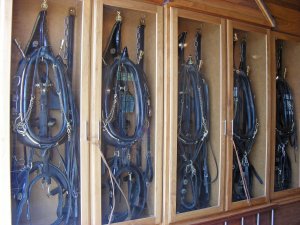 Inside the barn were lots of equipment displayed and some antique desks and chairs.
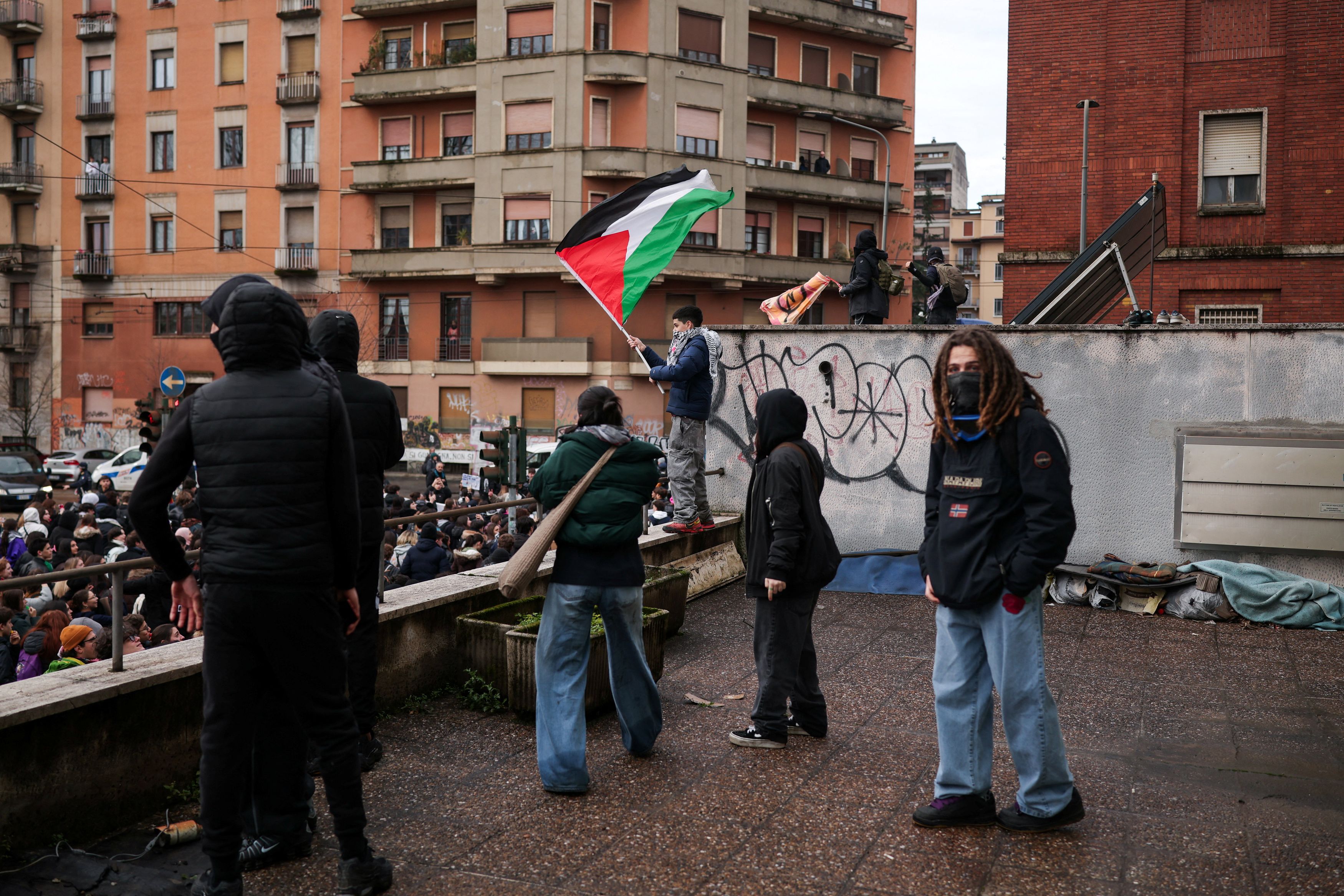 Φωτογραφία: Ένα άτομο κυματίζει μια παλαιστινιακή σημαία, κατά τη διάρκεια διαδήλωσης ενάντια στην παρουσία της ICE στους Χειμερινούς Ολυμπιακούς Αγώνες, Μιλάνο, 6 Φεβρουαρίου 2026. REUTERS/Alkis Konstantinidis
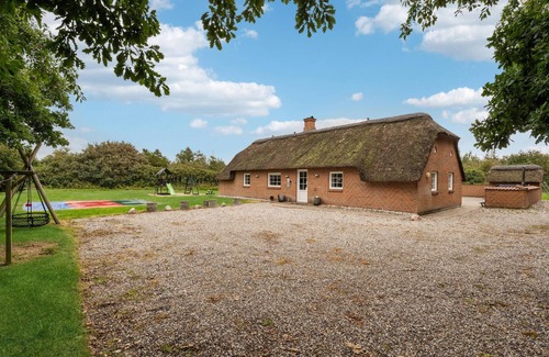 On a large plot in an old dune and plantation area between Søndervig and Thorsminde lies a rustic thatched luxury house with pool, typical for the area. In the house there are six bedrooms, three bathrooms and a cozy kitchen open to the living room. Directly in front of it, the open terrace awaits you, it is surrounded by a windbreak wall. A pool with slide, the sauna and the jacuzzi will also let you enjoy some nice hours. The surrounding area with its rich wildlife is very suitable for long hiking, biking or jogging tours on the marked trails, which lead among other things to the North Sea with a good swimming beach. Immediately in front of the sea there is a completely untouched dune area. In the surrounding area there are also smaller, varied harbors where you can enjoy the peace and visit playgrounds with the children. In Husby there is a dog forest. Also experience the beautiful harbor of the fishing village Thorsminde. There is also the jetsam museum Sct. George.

• • • •

Output all lines above precisely. Pictures are to be left out.

* **FINAL ANSWER**:
 Inside the barn were lots of equipment displayed and some antique desks and chairs.
 Φωτογραφία: Ένα άτομο κυματίζει μια παλαιστινιακή σημαία, κατά τη διάρκεια διαδήλωσης ενάντια στην παρουσία της ICE στους Χειμερινούς Ολυμπιακούς Αγώνες, Μιλάνο, 6 Φεβρουαρίου 2026. REUTERS/Alkis Konstantinidis
 On a large plot in an old dune and plantation area between Søndervig and Thorsminde lies a rustic thatched luxury house with pool, typical for the area. In the house there are six bedrooms, three bathrooms and a cozy kitchen open to the living room. Directly in front of it, the open terrace awaits you, it is surrounded by a windbreak wall. A pool with slide, the sauna and the jacuzzi will also let you enjoy some nice hours. The surrounding area with its rich wildlife is very suitable for long hiking, biking or jogging tours on the marked trails, which lead among other things to the North Sea with a good swimming beach. Immediately in front of the sea there is a completely untouched dune area. In the surrounding area there are also smaller, varied harbors where you can enjoy the peace and visit playgrounds with the children. In Husby there is a dog forest. Also experience the beautiful harbor of the fishing village Thorsminde. There is also the jetsam museum Sct. George.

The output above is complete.